Hardy’nin Tess’ini anımsatan Mary, para karşılığında bir paket gibi satılmış, ailesi tarafından umursanmamış bir çiftlik kızı. Pek çok kez ?başka bir seçeneğim yok, değil mi?? diyerek yaşadıklarını sorgulama durumunda olsa da, ne yazık ki feci sona gelmeden bir seçim yapma şansını yakalayamıyor. Mary, bu kitabı kendi elleriyle yazarken noktalamalarda, imlalarda hatalar yapmış olsa da, içtenliğiyle gerçeği gün yüzüne çıkarıp özgürlüğüne kavuşma peşindedir. “Bu son cümleyi bitirip her harfin sonunda biriken mürekkebi kurutacağım. Ve sonra özgür olacağım.” derken kaybetmiş olduğunu sandığımız masumiyetinin peşinden gidiyor.

1830 İngiltere’sinden, Thomas Hardy’nin pastoral manzaralarına benzer bir sahne. On beş yaşındaki Mary, doğuştan sakat olan bir bacağını sürükleyerek inek sağmaya gidiyor. Kız kardeşleriyle buz gibi bir evde, ekmek peynir yiyerek, gün boyu tarlada ya da ahırda çalışarak, suspus annesine, paradan ve kızları sabana koşmaktan başka bir şey düşünmeyen babasına tahammül ederek günlerini geçiriyor. Derken bir gün kasabanın papazının hasta karısına bakması için evden gönderiliyor. Biraz sivri dilli olsa da kendini sevdirmeyi başarıyor. Papazın karısı öldükten sonra, Mary’nin hayatı değişmeye başlıyor. Sonbahar yaprakların kızıllaştığı, kıvrılıp öldüğü mevsim. İnsan renk değiştiren ilk yaprağı seçemiyor. Çünkü yaz ve sonbahar usulca geçiyor birbirine. Bir günde kızıllaşmıyor bütün yapraklar. (s.121)

Masumiyetin kaybolması, belki de artık bireyin çocuk olmadığının farkına varmasıdır. Güzel, küçük dünyasının gerçekte pembe bir balon olduğunu, kendisini gerçek hayatta bir kurtlar sofrasının beklediğini idrak ettiği andır. Yaşam denen telaşenin içinde debelenip dururken bir gün ansızın düştüğünde, ağrıdığında kalbi, destek olacak kimseyi bulamazsa yanında o da masum gözlerle bakamaz artık dünyaya. Yerden kaldırmayanlara, ağrıyan göğsüne bir hançer daha saplayanlara acımaz bundan sonra.
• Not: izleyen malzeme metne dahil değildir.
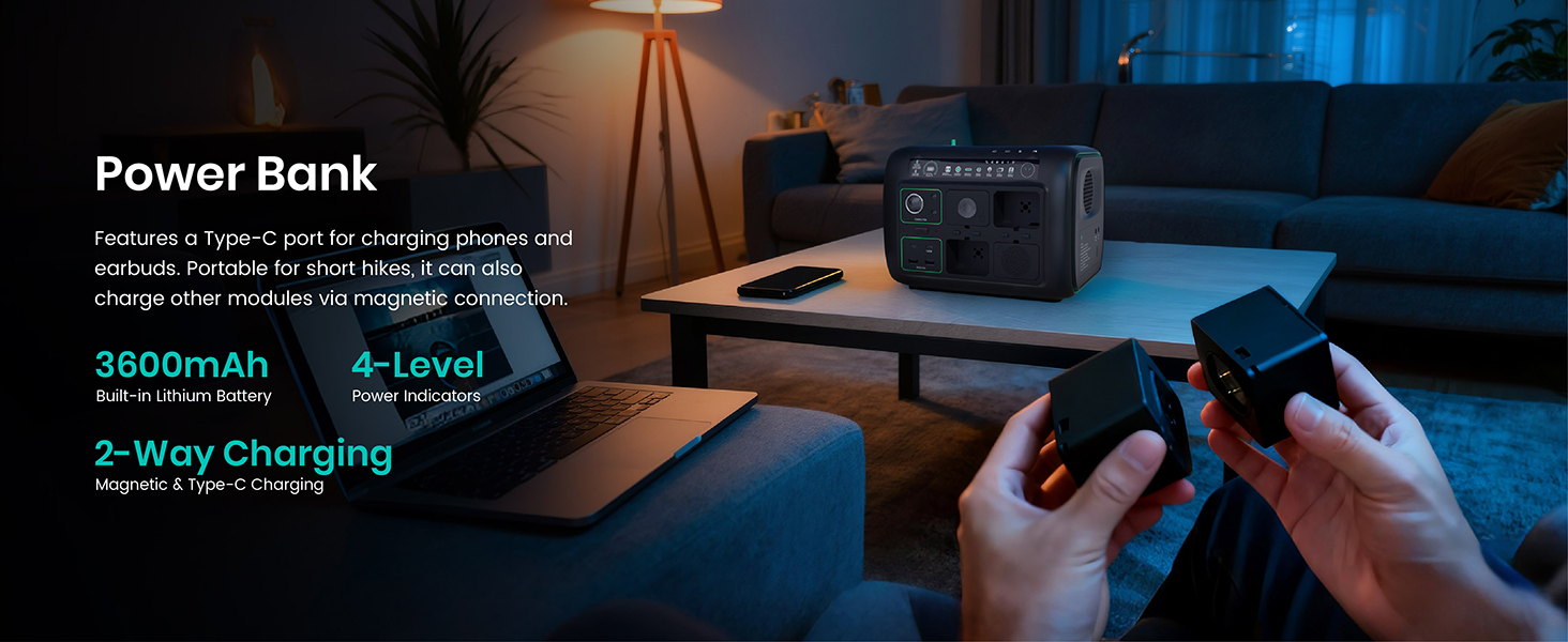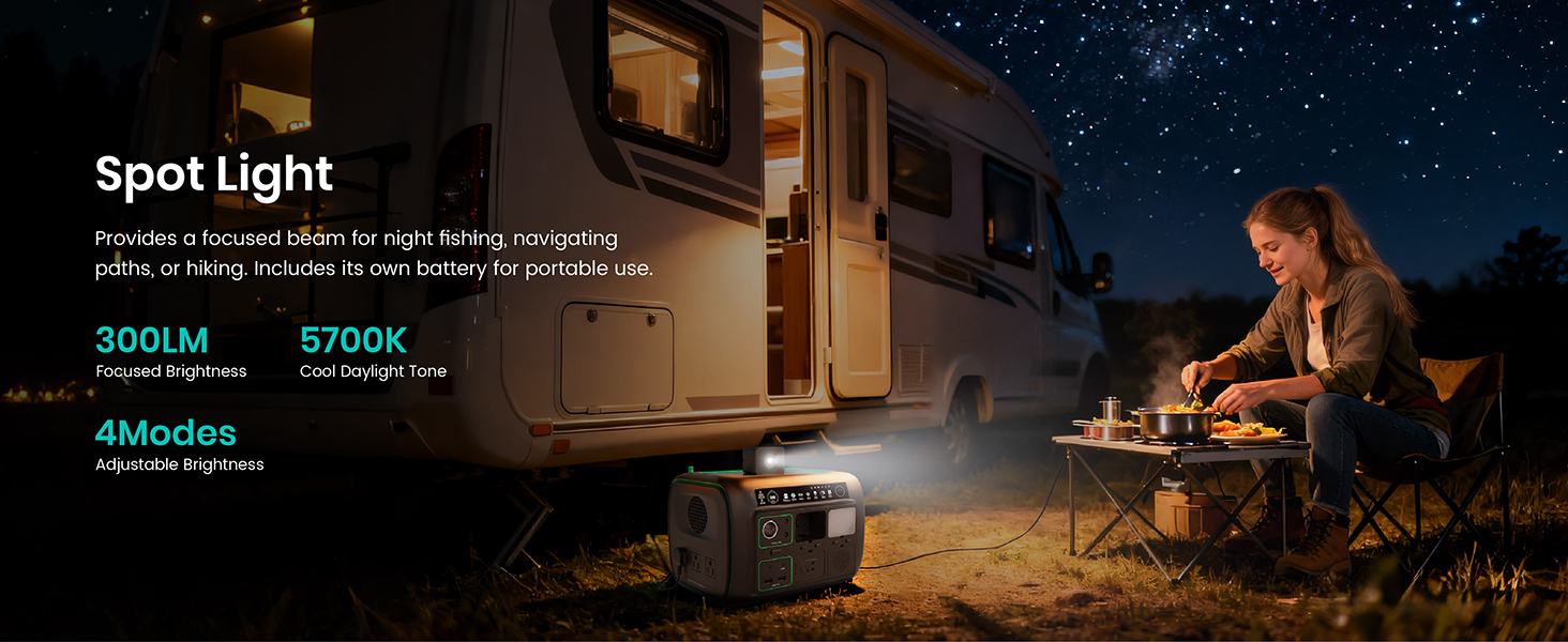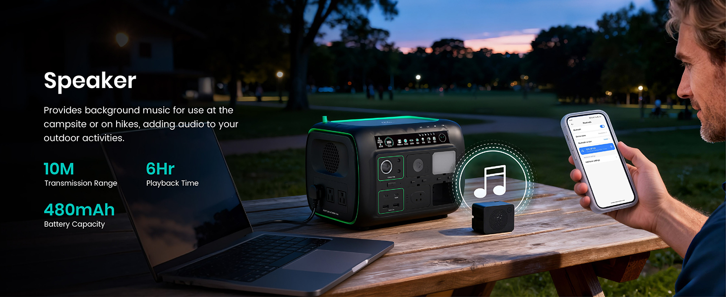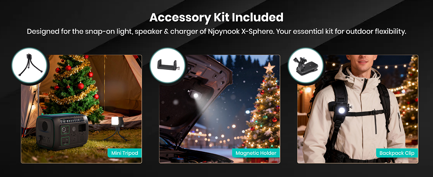 [Modular Design] Includes a panel light, a spotlight, a device charger, a speaker.
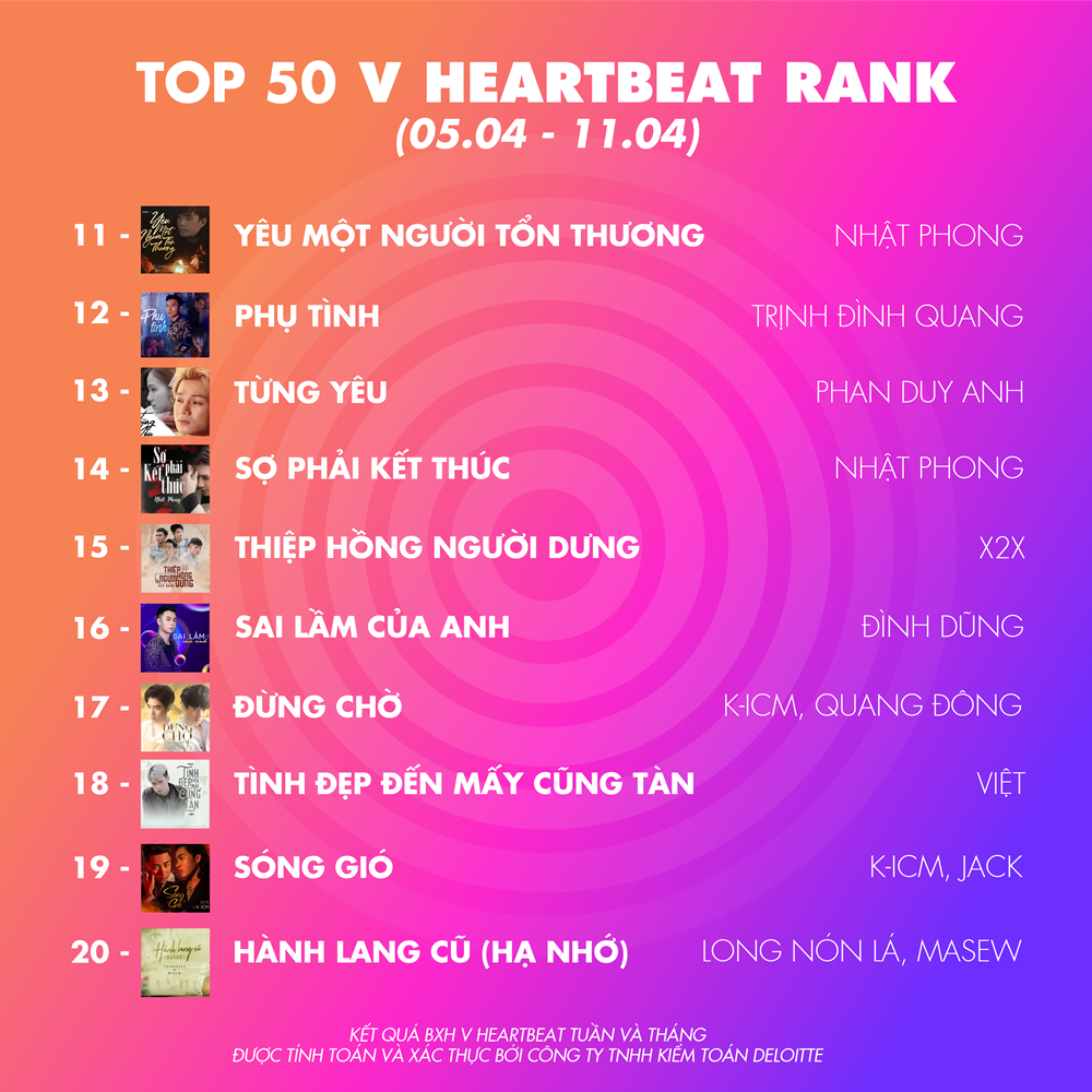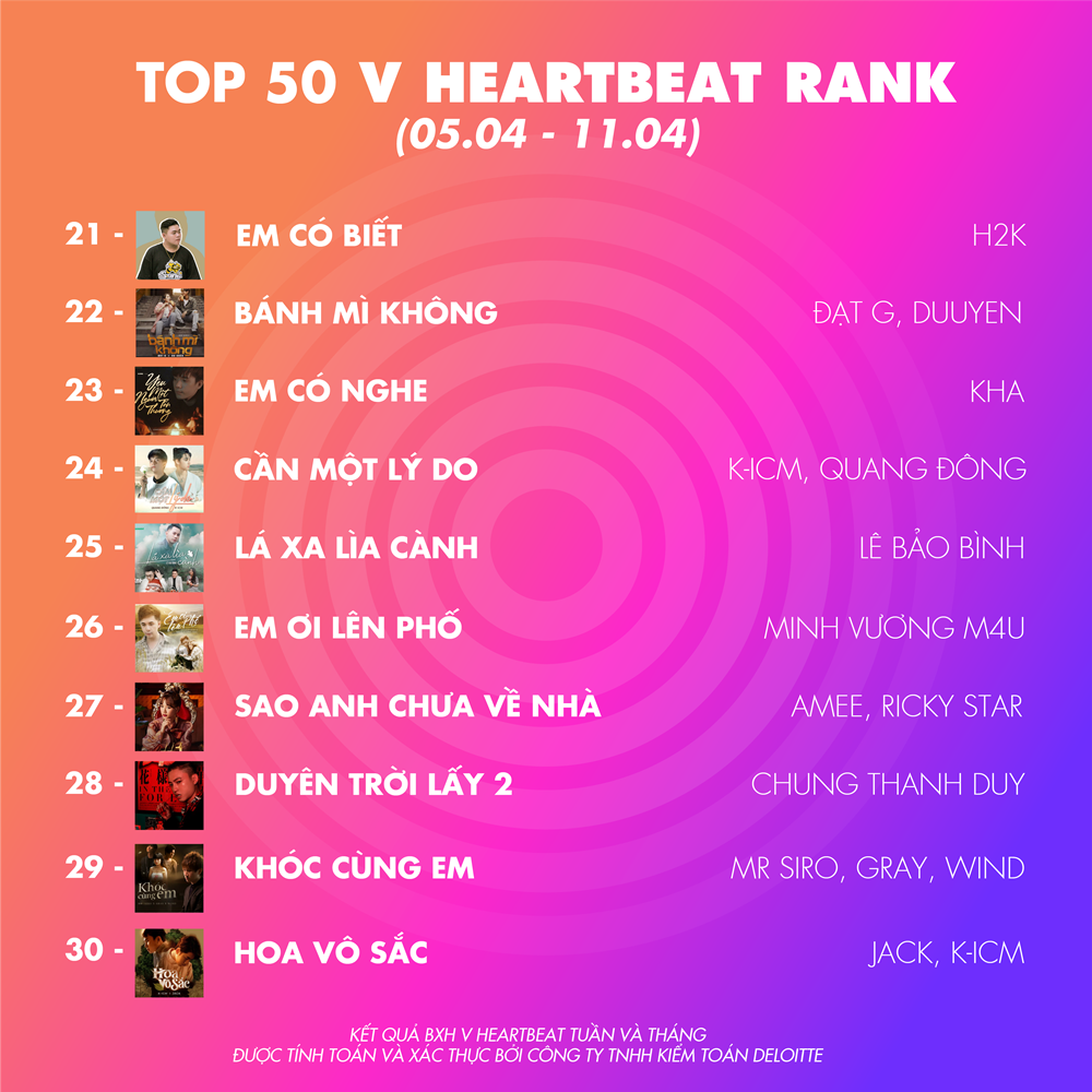 Tối ngày 16/4, kết quả BXH V Heartbeat Weekly vẫn được công bố như lịch trình thường lệ, tuy nhiên để đảm bảo lệnh cách ly xã hội nên số phát sóng tuần này sẽ không được livestream cùng hai VJ và khách mời. Thay vào đó, nhà sản xuất đã quyết định công bố kết quả BXH dưới hình thức online để đảm bảo cho khán giả vẫn theo dõi được tình hình “chiến trận” V Heartbeat Weekly ra sao.
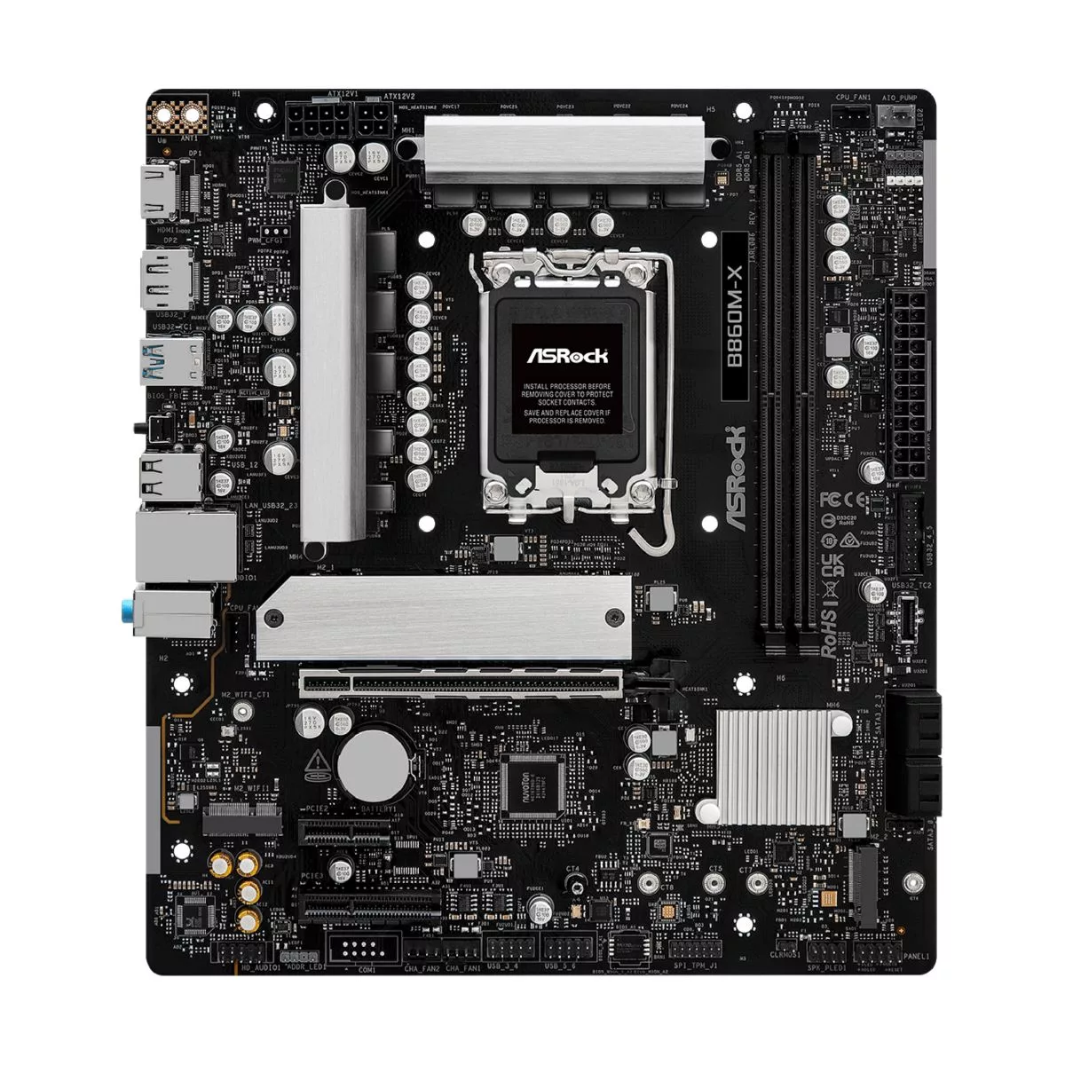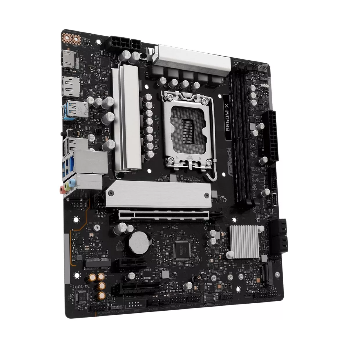 Marca Asrock Part Number B860M-X 90-MXBRX0-A0UAYAZ CPU Soporta Intel® Core™ Ultra Processors (Series 2) (LGA1851), Intel® Hybrid Technology, Intel® Turbo Boost Max 3.0 Technology, Intel® Aumento de velocidad térmica (TVB), Intel® Tecnología de impulso adaptativo (ABT), NPU integrada para aceleración de IA dedicada. Chipset Intel® B860 Memoria Tecnología de memoria Dual Channel DDR5. 2 x ranuras DIMM. Soporta DDR5 non-ECC, un-buffered hasta 9066+(OC) MHz. Soporta Clocked Unbuffered DIMM (CUDIMM). Máxima capacidad de memoria del sistema: 128GB. Soporta Intel® Extreme Memory Profile (XMP) 3.0x. BIOS 256Mb AMI UEFI Legal BIOS con soporte GUI. Soporta 'Plug and Play', ACPI 5.1, Jumperfree, SMBIOS 2.3, Ajuste múltiple de voltaje DRAM. Incluye ASRock Flash Instantáneo, BIOS Flashback. Gráficos Intel® Xe LPG Arquitectura gráfica. Salidas: 1 x HDMI 2.1 (Soporta HDR, HDCP 2.3, Resolución hasta 4K 120Hz), 1 x DisplayPort 1.4 con DSC (comprimido) (Soporta HDCP 2.3, Resolución hasta 8K 60Hz/5K 120Hz). *Requiere procesador con gráficos integrados. Audio Audio 7.1 canales HD (Realtek ALC897 Audio Codec) LAN 2.5 Gigabit LAN 10/100/1000/2500 Mb/s (Dragon RTL8125BG). Soporta Wake-On-LAN, Protección Lightning/ESD, Energy Efficient Ethernet 802.3az, PXE. Incluye Dragon 2.5G LAN Software con control de ancho de banda inteligente. Conectores 1 x Cabecera SPI TPM. 1 x LED de alimentación y altavoz. 1 x Encabezado RGB LED (12V/3A). 2 x Encabezados LED direccionables (5V/3A). 2 x Conectores ventilador CPU (4-pin). 2 x Conectores ventilador caja (4-pin). 1 x Conector AIO Pump Fan (4-pin). 1 x Conector alimentación 24 pin ATX. 1 x Conector alimentación 8 pin 12V. 1 x Conector alimentación 4 pin 12V. 1 x Conector panel frontal audio. 2 x Cabezales USB 2.0 (4 puertos). 1 x Cabezal USB 3.2 Gen1 (2 puertos). 1 x Panel Frontal Tipo C USB 3.2 Gen1 Encabezado. Panel trasero E/S 2 x Puntos de montaje de antena. 1 x Puerto HDMI. 1 x DisplayPort 1.4. 1 x USB 3.2 Gen2x2 Type-C (20 Gb/s). 3 x Puertos USB 3.2 Gen1. 2 x Puertos USB 2.0. 1 x Puerto RJ-45. 1 x Interruptor Flashback del BIOS. Conectores HD Audio (Entrada de línea / Altavoz Delantero / Micrófono). Accesorios 1 x I/O Shield. 2 x cables de datos SATA. 2 x Tornillos para Sockets M.2. 1 x Separador para el zócalo M.2. Formato Micro ATX: 9.6-in x 8.6-in (24.4 cm x 21.8 cm) Socket LGA1851 Almacenamiento CPU: 1 x Blazing Socket M.2 (M2_1, Key M) compatible con PCIe Gen5x4 (128 Gb/s) (tipos 2260/2280). Chipset: 1 x Hyper Socket M.2 (M2_2, Key M) compatible con PCIe Gen4x4 (64 Gb/s) (tipos 2230/2242/2260/2280). 4 x conectores SATA3 de 6.0 Gb/s. RAID Soporta
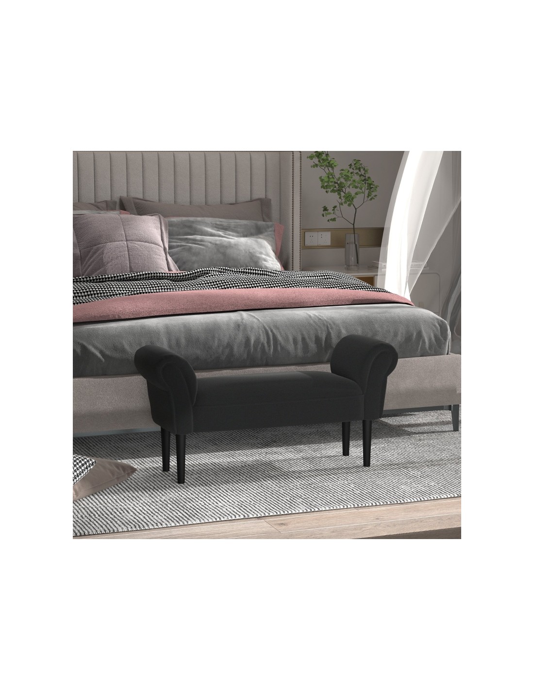 Bænk udført i et design af velpolstret polyester og med ben i træ. Bænken måler 102 x 31 cm i bredde og dybde.
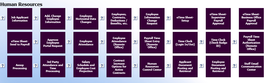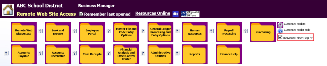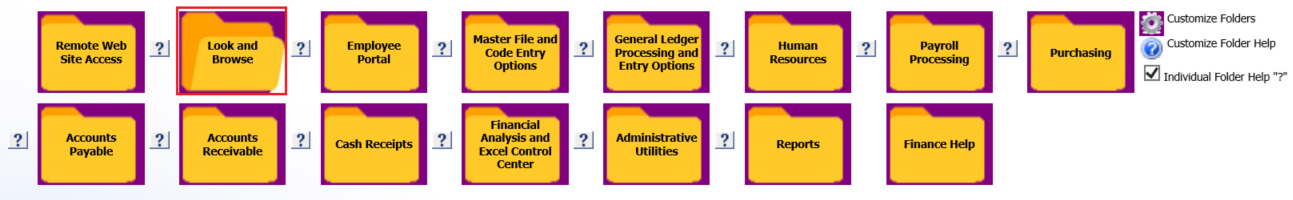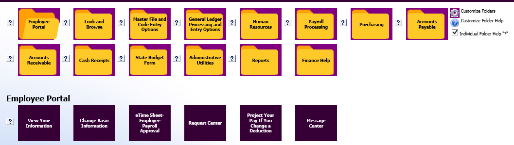 The Question Mark Icon to the left of each Folder or Program Option is a quick reference link to the Finance Help Documentation for that particular area.

Papaz (Bay Graham), masumiyet sembolü gibi duran süt renginde saça sahip Mary’ye okuma yazma öğretiyor. Ders kitapları, İncil. Papazın gölgesinde kutsal öğretileri okuyup yazmaya başlıyor. Ve bir gün, okuduğun kelimelerde İncil kalbini açmanı ve vermen gerektiğini söylüyor, diyen papaza ?ama verecek bir şeyim kalmadı ki, sahip olduğum her şeyi verdim.? (s.169) sözleriyle karşılık veriyor. Bu kısacık diyalog sizlere Mary’nin, İncil’in ve papazın himayesinde neler yaşamış olabileceğini düşünmenize yardımcı olsun. Hardy’nin Tess’ini anımsatan Mary, para karşılığında bir paket gibi satılmış, ailesi tarafından umursanmamış bir çiftlik kızı. Pek çok kez başka bir seçeneğim yok, değil mi diyerek yaşadıklarını sorgulama durumunda olsa da, ne yazık ki feci sona gelmeden bir seçim yapma şansını yakalayamıyor. Mary, bu kitabı kendi elleriyle yazarken noktalamalarda, imlalarda hatalar yapmış olsa da, içtenliğiyle gerçeği gün yüzüne çıkarıp özgürlüğüne kavuşma peşindedir. Bu son cümleyi bitirip her harfin sonunda biriken mürekkebi kurutacağım. ve sonra özgür olacağım.? (s.187) derken kaybetmiş olduğunu sandığımız masumiyetinin peşinden gidiyor.

Dostoyevski’nin “Yaşamakla yaşamamak arasında hiçbir fark kalmadığında özgürlüğüne kavuşur insan.” sözünü anımsıyorum. Mental bir illüzyon mudur özgürlük? Peki, zihnin tam olarak özgür olması olanaklı değil mi? Elbette olanaklı. Faşizan, totaliter siyaset, dini motifler ve otoriteler, teknolojik gelişme saydığımız bizi yabancılaşmaya iten yenilikler zihinlerimizi biçimlendirmeye ve özgürlüğün sınırlarını gün be gün daraltmaya çalışıyor. Beklenilenin aksine uygarlıkla ters orantılı ilerliyor özgürlük. Dogmalarla, kurumsal dinle, ülkemizdeki gibi demokratik olduğunu iddia edip baskın güç olma misyonunu elden bırakmayan siyasi erkle zihnimize, yaşamlarımıza saldırılar düzenleniyor. İnsanları sorumluluğun dayanılmaz ağırlığı, toplum baskısı, korkuları, kaygıları altında ezmeye çabalıyorlar. Çünkü özgürlük düşmanları tartışmazlar, bağırıp çağırırlar, yüksek ses tonunun ardına özgür düşüncelerden korktuklarını saklarlar. Ama bilmedikleri bir şey var: Şarkıyı değil şarkıcıyı, şiiri değil şairi kafese koyabilirler. Düşüncelere, hislere ve bayrağı elden ele taşıyacak gönüllere tüm yolları kapatmayı başaramazlar.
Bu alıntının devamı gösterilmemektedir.